What changed in the fund's strategy? In the past, "infrastructure" meant boring databases and cloud storage. Now that concept has mutated. a16z is making it crystal clear: infrastructure today is the models themselves and the tools for deploying them. When Jennifer Lee writes a check to ElevenLabs, she's not investing in "a voice tool" — she's investing in the fundamental audio layer for the entire internet. The same goes for Cursor: it's not just a code editor, it's a new operating system for developers where AI writes code faster than humans.

Why does this matter right now? The market is oversaturated with "GPT wrappers" — applications that simply resell OpenAI's API with a pretty interface. The new $1.7 billion tranche tells us loud and clear: the era of easy money for superficial solutions is over. Investors are looking for those building the "railroad," not those selling train tickets. If a startup doesn't offer a technological breakthrough at the model or development environment level, chances of securing funding from top-tier funds are plummeting fast.

It's also worth noting what the fund is apparently ignoring. a16z isn't focused on narrow vertical solutions that solve one small problem for one small department in a corporation. They need platforms. Black Forest Labs makes pictures for everyone. Fal provides inference for everyone. Scale of ambition is key here. The $11 billion valuation of ElevenLabs only seems insane at first glance; if you imagine their technology voicing every second YouTube video and every third call-center conversation, the numbers start to make sense.

Beyond that, this is a signal to other investors. When a16z pours billions into a specific sector, a chain reaction begins.
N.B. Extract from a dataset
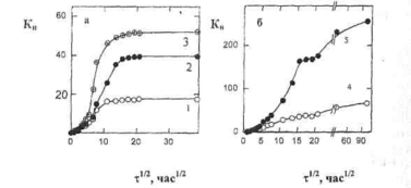 Рис. 1. Кинетика набухания ВПС в воде: а) ГПАА-1 (I); 111AA-Z (2) и ГПАА-3 (3); б) ГПАК-П2М51Ш (4) и Г'ПАК-ПБ (5)

We'll see a valuation race precisely in the AI infrastructure sector. This means access to cutting-edge models and development tools for you and me will become easier and faster, because competition will force companies to move even quicker.

The bottom line: The era of "just AI startups" is over. The era of building the foundation has begun. The only question is whether they're going to overheat this market so much that an $11 billion valuation for a voice generator will look modest to us in six months.